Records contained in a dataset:
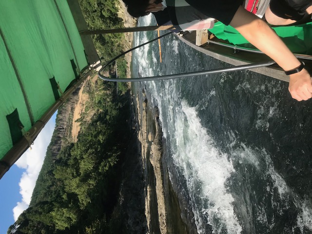 急流ポイントでは、大量の水が全身にかかり、ボートのロープを握っていないと振り落とされそうなくらいボートは大きく揺れて、川の中(=水の壁)に向かって突っ込んでいく感覚でスリル&迫力満点で思わず大声を上げてしまっていました…笑
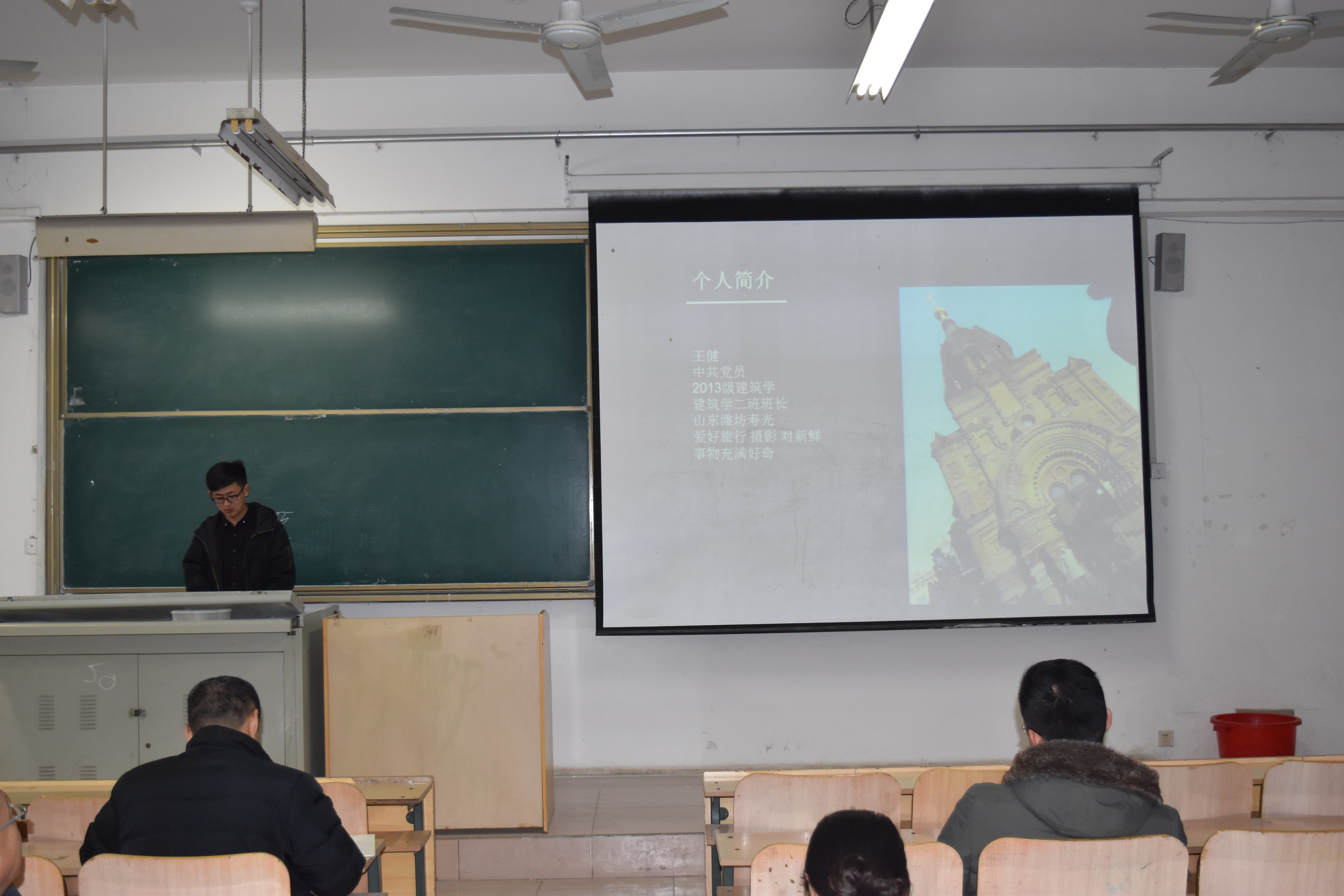会议开始,牛老师对本次评选做了简单的介绍,并分发给各级辅导员参赛人员的综合调查表及评选表。学生通过上台演讲的方式表达自己过去的成就及参加的比赛和活动。台上的同学们没有丝毫怯场的表现,他们满怀信心用简洁的语言表达着自己。他们都是建工学院的优秀学生,获得过大大小小的奖项,凭借自己的努力与才华走到今天。各位老师通过每位参选人员的演讲介绍及综合调查表进行评估,经过一番讨论,最终确定了了推荐人员名单:2014级土木春季班闫帅、2013级建筑学专业的王健同学、2014级工程管理专业的高群同学。
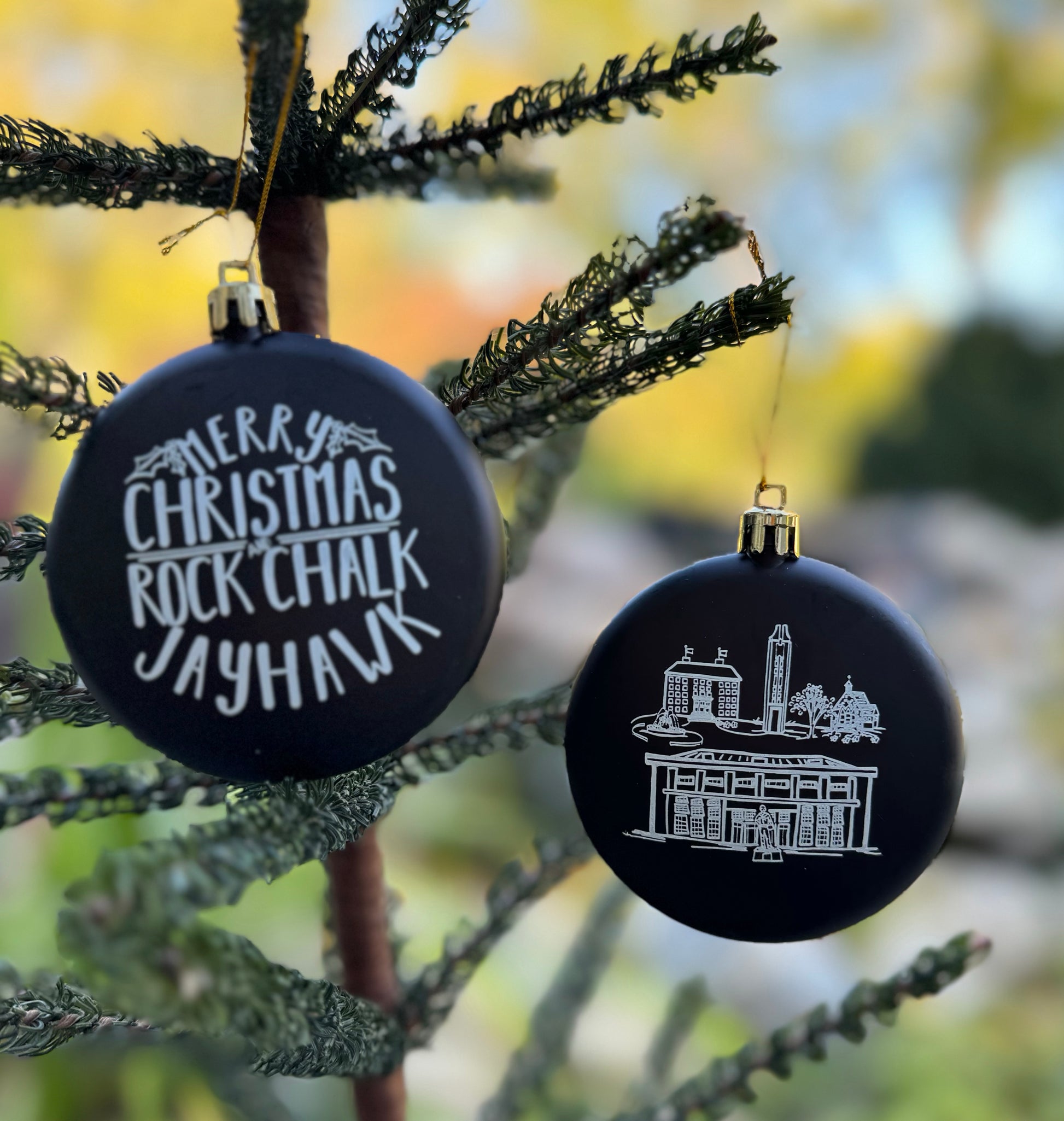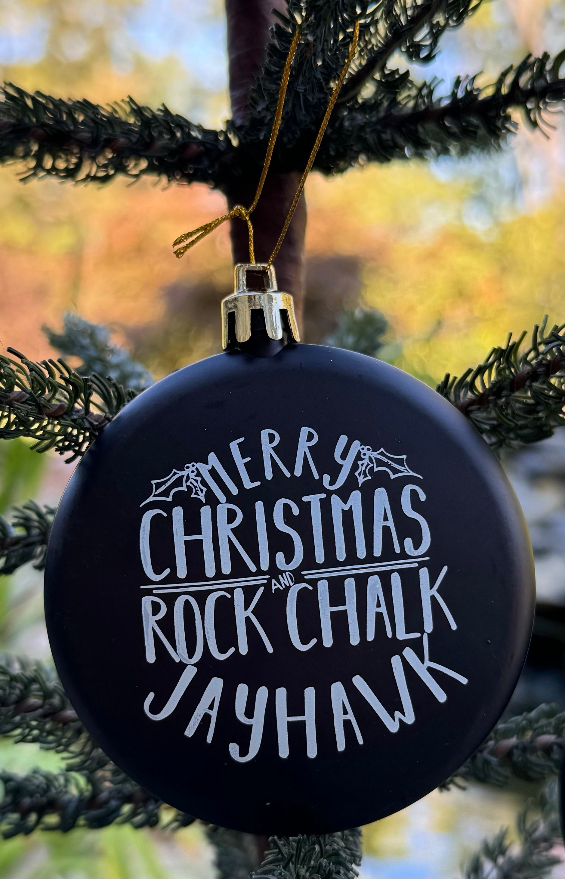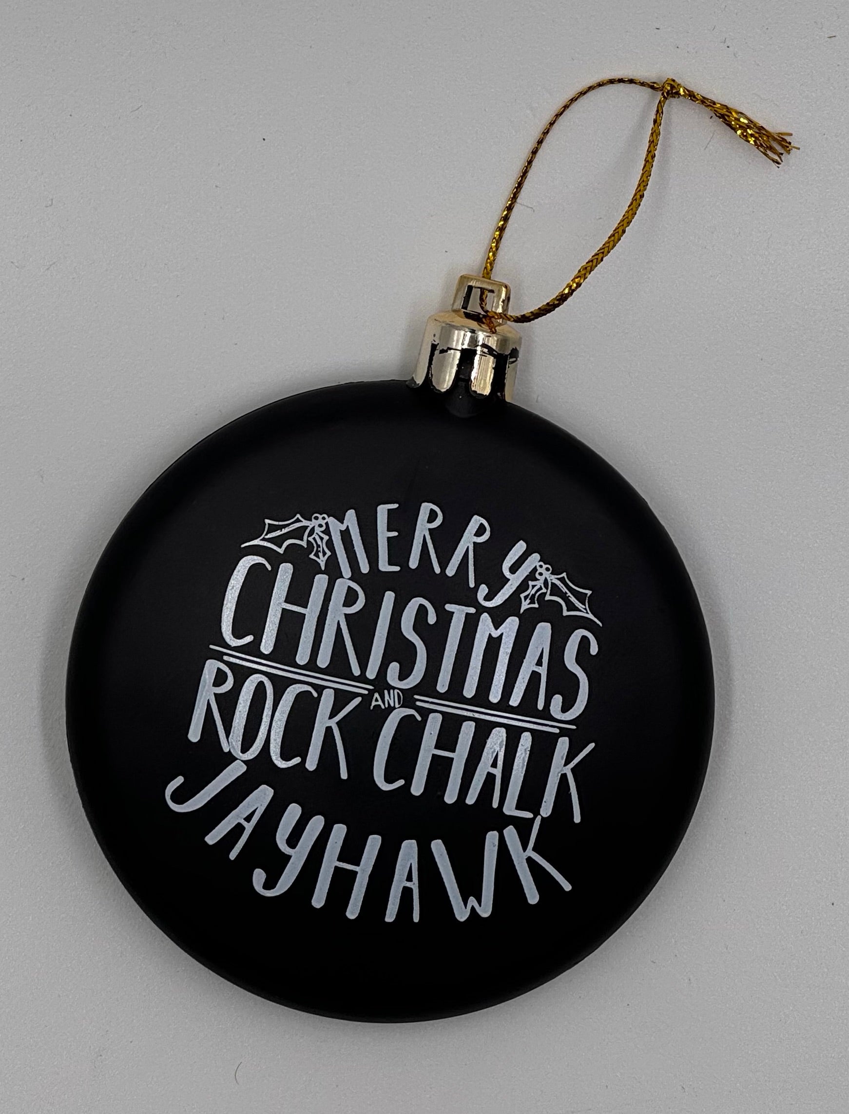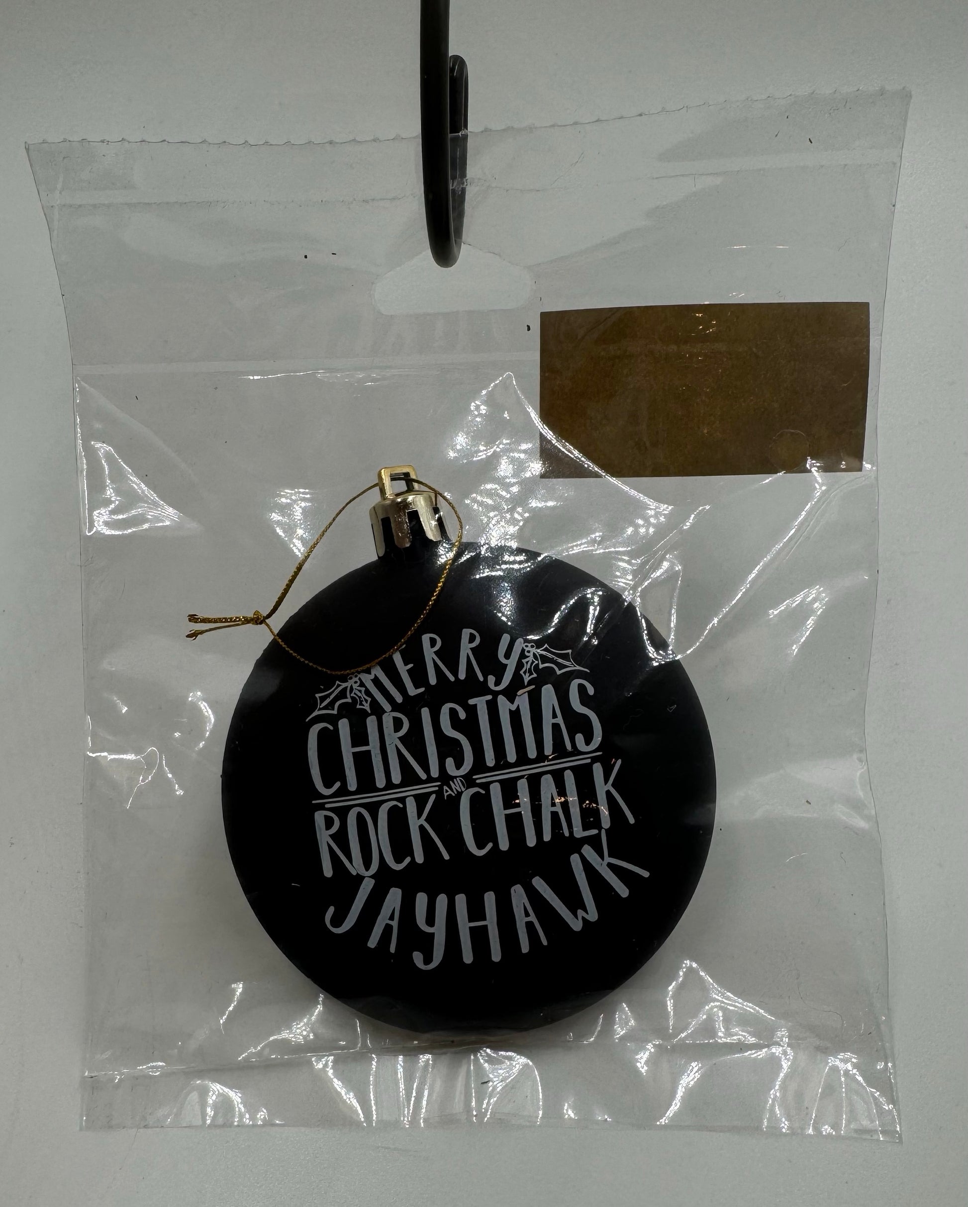 Merry Christmas & Rock Chalk Jayhawk Chalkboard Ornament
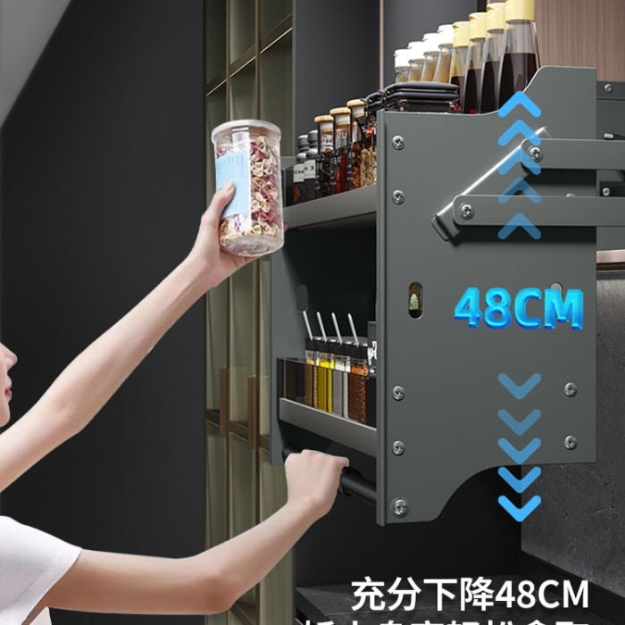 吊櫃升降拉籃廚房櫥櫃下拉緩沖阻尼開門式置物架調味料拉籃
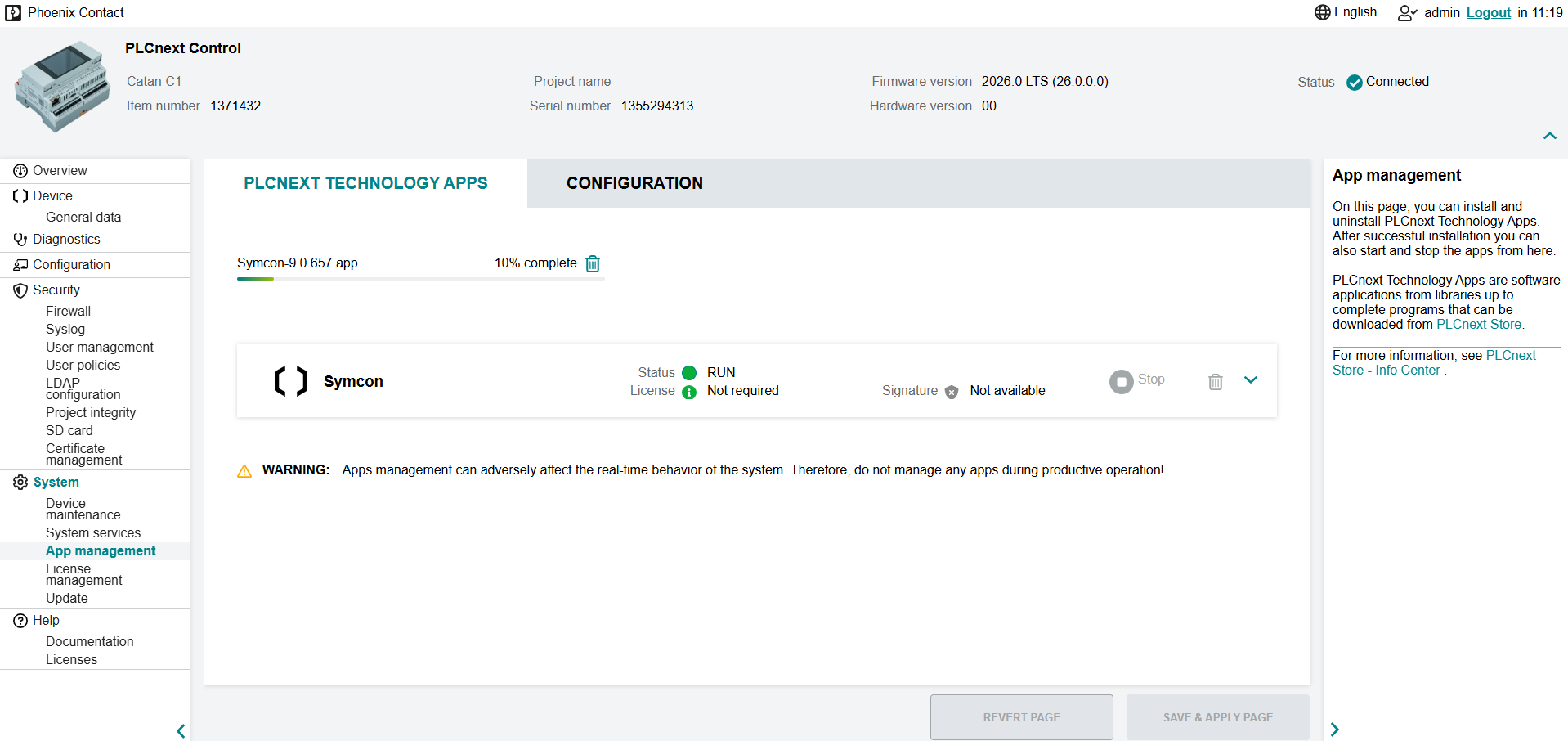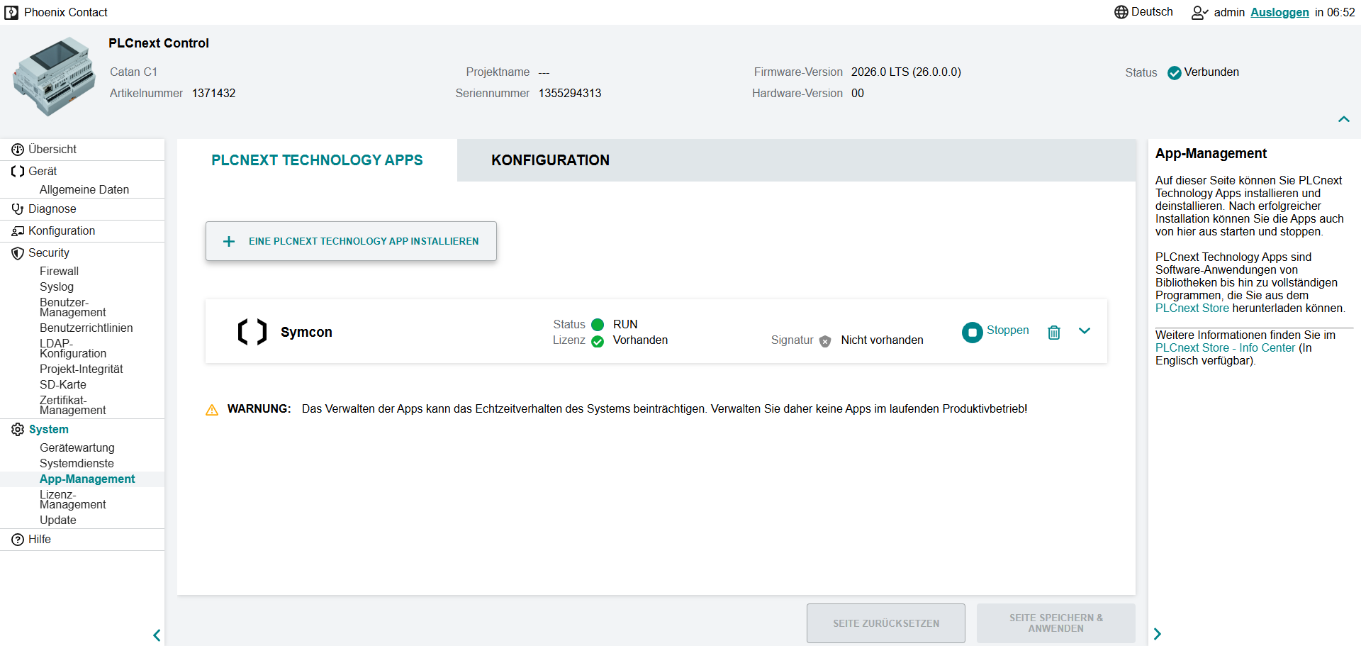 Symcon wird als PLCnext Technology App installiert. Die Installation wird im WBM unter Einstellungen -> App-Management vorgenommen. Unter Konfiguration muss zuvor die Option "Nur signierte Apps zulassen" deaktiviert werden. Nun kann die Symcon Appdatei über das mit der entsprechenden Schaltfläche installiert werden.

### [YOUR GOAL]
Write out every entry above exactly, minus the pictures.

### [RESPONSE TO THE EXERCISE]
 急流ポイントでは、大量の水が全身にかかり、ボートのロープを握っていないと振り落とされそうなくらいボートは大きく揺れて、川の中(=水の壁)に向かって突っ込んでいく感覚でスリル&迫力満点で思わず大声を上げてしまっていました…笑
会议开始,牛老师对本次评选做了简单的介绍,并分发给各级辅导员参赛人员的综合调查表及评选表。学生通过上台演讲的方式表达自己过去的成就及参加的比赛和活动。台上的同学们没有丝毫怯场的表现,他们满怀信心用简洁的语言表达着自己。他们都是建工学院的优秀学生,获得过大大小小的奖项,凭借自己的努力与才华走到今天。各位老师通过每位参选人员的演讲介绍及综合调查表进行评估,经过一番讨论,最终确定了了推荐人员名单:2014级土木春季班闫帅、2013级建筑学专业的王健同学、2014级工程管理专业的高群同学。
 Merry Christmas & Rock Chalk Jayhawk Chalkboard Ornament
 吊櫃升降拉籃廚房櫥櫃下拉緩沖阻尼開門式置物架調味料拉籃
 Symcon wird als PLCnext Technology App installiert. Die Installation wird im WBM unter Einstellungen -> App-Management vorgenommen. Unter Konfiguration muss zuvor die Option "Nur signierte Apps zulassen" deaktiviert werden. Nun kann die Symcon Appdatei über das mit der entsprechenden Schaltfläche installiert werden.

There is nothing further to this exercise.